Notice no one decided the clearing fee. It emerged from everyone's bids against a fixed supply of space, and it told you, in one number, how urgently to bid or whether to wait. That is a market price doing exactly the job Mises and Hayek described, inside a system with no central authority to set it.
Claims to handle with care
"Bitcoin solved the economic calculation problem."
RealityThe calculation problem is about allocating an entire economy's resources without market prices. Bitcoin does not do that; it coordinates the issuance and settlement of money by a fixed rule. It is an example of decentralized coordination, not a solution to socialist planning. Conflating the two overstates the case.
"Central planning just needs smarter people and better technology."
RealityThis is the strongest objection, and it has a real answer (above): the binding constraints are tacit knowledge, changing subjective preferences, and the fact that internal planning still depends on external market prices. Better tools help within those limits; they have not removed them.
"Prices are arbitrary numbers set by sellers."
RealityIn a competitive market a price is the meeting point of countless buyers' and sellers' local knowledge and willingness. It is closer to a measurement than a decree, which is exactly why suppressing it (price controls) destroys information and tends to produce shortages.
💭 Reflection questions
No answer key. Argue them in both directions.

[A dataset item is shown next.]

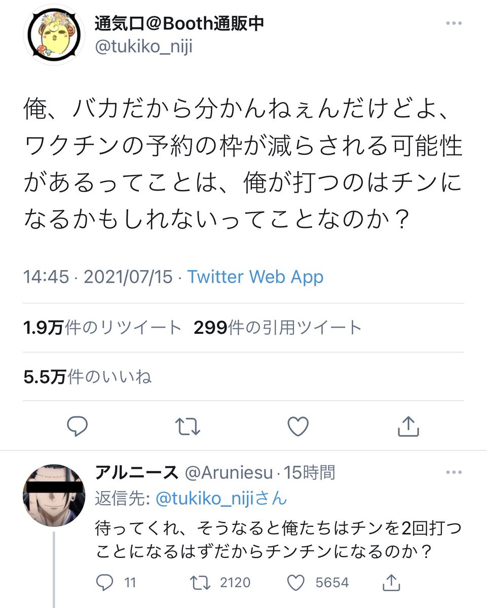2021.07.15 ツイート maruワクチンの予約の枠が減らされる可能性があるってことは、俺が打つのはチンになるかもしれないってことなのか? 通気口@Booth通販中@tukiko_niji俺、バカだから分かんねぇんだけどよ、ワクチンの予約の枠が減らされる可能性があるってことは、俺が打つのはチンになるかもしれないってことなのか?14:45 – 2021年07月15日返信リツイートお気に入り ツイートに対するネットの反応莱亜~raia~®️@TRH48@raia_1009ゴロリまでの流れが好き過ぎるww14:18 – 2021年07月16日返信リツイートお気に入りありごや@ウバ🥫@Tricolore_gori草14:10 – 2021年07月16日返信リツイートお気に入りmagyar istvan(低知能)@istvan0817アナルにチン打たれる(2度も)のヤダなあ。14:09 – 2021年07月16日返信リツイートお気に入りzan@z_a_nここだいすき https://t.co/JfdG1sRWqO13:36 – 2021年07月16日返信リツイートお気に入りkosuke@kosuke3932833爆笑www13:35 – 2021年07月16日返信リツイートお気に入りちいさ®︎🌸@dQXLlmBvJ3KJkiMイライラしてた心が浄化されたわ…13:21 – 2021年07月16日返信リツイートお気に入りけんせ@7/17BURST OF DESTINY@Kense_of_Flamesわらた13:17 – 2021年07月16日返信リツイートお気に入りふくやん(37)@fukuyanこういうのでいいんだよ12:56 – 2021年07月16日返信リツイートお気に入り 💰むにわゃ💰@y32imcワクチンチン12:52 – 2021年07月16日返信リツイートお気に入りかもめん@茨城県南サイドFIRE情報発信中@Kamomen_FIREこの問題に関しては 遺憾の「い」を表明してもらおう (あいうえお作文風)12:52 – 2021年07月16日返信リツイートお気に入り中崎まこと@makutu555天才あらわる>12:46 – 2021年07月16日返信リツイートお気に入りづみ@Izumiksnr飯粒吹いたw12:33 – 2021年07月16日返信リツイートお気に入り双極ねーやん⭐️🎹🎤🎹@pikamakikoクッソ…こんなので…12:29 – 2021年07月16日返信リツイートお気に入りリョーキ🐹👑@ryoki111フフ12:26 – 2021年07月16日返信リツイートお気に入り緒方リクドウ🅿️/kyokunP@Little_Triggerオメー東大生だな? おれは知能指数が高いからわかる。12:23 – 2021年07月16日返信リツイートお気に入り 健康診断怖い@haramawariyabaiつまり昨日私が打ったのはチンだった……?12:21 – 2021年07月16日返信リツイートお気に入りサブノカゲトラ(葉月影虎)@SABUNO_freedomワシ、こういうの嫌いじゃねえぜww12:21 – 2021年07月16日返信リツイートお気に入り夜詩乃みーてぃ@wumfyms0929ワクここで終わりなんでここから先はこれになりますね〜(ボロン12:20 – 2021年07月16日返信リツイートお気に入りかみつかい@The_paper_減らされたワクがどこにいったのかもわかんないんだろうな…12:17 – 2021年07月16日返信リツイートお気に入りエイプキング(25)@Zarukinaoki頭いいじゃないか…w12:13 – 2021年07月16日返信リツイートお気に入りヤマタク@近視@ymtk_vocDr分かってんじゃん♂12:10 – 2021年07月16日返信リツイートお気に入りガムシロ@Ra5g6cdyhJZXMW1一回目二回目同じ接種するから、世の中に ワクワクさんと チンチンさんだらけになる😆12:09 – 2021年07月16日返信リツイートお気に入り モーリー@家族揃って異世界転移しました@isekaifamily天才だろ11:55 – 2021年07月16日返信リツイートお気に入りいけぺ~@ikepe_mainわろた11:37 – 2021年07月16日返信リツイートお気に入り袋小路彦吉@hikota827山田くん、一枚差し上げて。11:36 – 2021年07月16日返信リツイートお気に入りさでお@KENZENGER_Zくっ…面白すぎる…俺が最初に言ったことになんねぇかなぁ…!!11:30 – 2021年07月16日返信リツイートお気に入りリリカル由貴ちゃん’s/ぽんた@ponta__yukiチンチン11:28 – 2021年07月16日返信リツイートお気に入りきっかひおりの雑多垢@tenka0amayakasi賢いこと言うのかと思ったら上手いこと言うバカで草11:16 – 2021年07月16日返信リツイートお気に入りパスタ職人なめこ汁先生@name_ouijaboardフローバグ起こして天才になった模様11:16 – 2021年07月16日返信リツイートお気に入り春樹@クラウド勉強中(⊃•̀ω•́)⊃✎@hal3086草11:11 – 2021年07月16日返信リツイートお気に入り家族家十入@ザザプラス師匠P@33rdtravelerうーん、面白いけどあまりわくわくしないお話でございますな!11:08 – 2021年07月16日返信リツイートお気に入りうめ@tumeta2面白い。10:59 – 2021年07月16日返信リツイートお気に入りメデューサの瞳@medouppoidそうなってくると2回打たなきゃいけないってのは、つまりはそういうことなのか…10:53 – 2021年07月16日返信リツイートお気に入りもにゃ(公式)@monyanya12マジでバカだな(褒めてる)10:53 – 2021年07月16日返信リツイートお気に入りアガベ@yasu_agaveなんでいい事言いそうな口ぶりでデスゲームで最初に死にそうな役みたいな台詞言っちゃったの、この人10:50 – 2021年07月16日返信リツイートお気に入りあまつかちゃん@10キロ増@o4no_liveいいえ、お客様の場合2回目の摂取は確実に含まれておりますので チン、ではなくチンチn10:43 – 2021年07月16日返信リツイートお気に入りテンペンロイド@やがてVになる@numazuJK_Tem二回枠が減らされたらチンチンなってしまう10:42 – 2021年07月16日返信リツイートお気に入りあさ

1. In the planning tool, what information would have made your allocation better? Where in a real economy does that information live, and who has it?
2. Make the strongest case that Walmart's internal planning disproves Hayek. Then explain why Walmart still needs outside markets to do it.
3. If a price is information, what exactly is lost when a government fixes a price by law? Can you name a case where the loss might be worth it?
4. A central bank sets one interest rate for a whole country. In what sense is that a smaller version of the calculation problem? In what sense is it different?
5. Bitcoin coordinates money issuance without a planner. What does it deliberately not try to coordinate, and why might that limit be a feature?
6. What experiment, even a thought experiment, would convince you that a computer could plan a whole economy as well as markets do?
Sources and claim ledger
Last reviewed June 17, 2026.
- The calculation problem: Ludwig von Mises, "Economic Calculation in the Socialist Commonwealth" (1920).
- The knowledge problem: F. A. Hayek, "The Use of Knowledge in Society," American Economic Review (1945).
- Market socialism (the planning-can-simulate-markets case): Oskar Lange, "On the Economic Theory of Socialism" (1936 to 1937).
- Shortage as a systemic feature of planned economies: János Kornai, Economics of Shortage (1980).
- Dispersed knowledge in production: Leonard Read, "I, Pencil" (1958).
- Real-time computer coordination attempt: Project Cybersyn, Chile (1971 to 1973), historical record.
- Price controls and shortages (illustrative modern evidence): Rebecca Diamond et al. on rent control, American Economic Review (2019).
- Bitcoin coordination by rule (issuance, fee market): Bitcoin protocol and Bitcoin white paper (2008).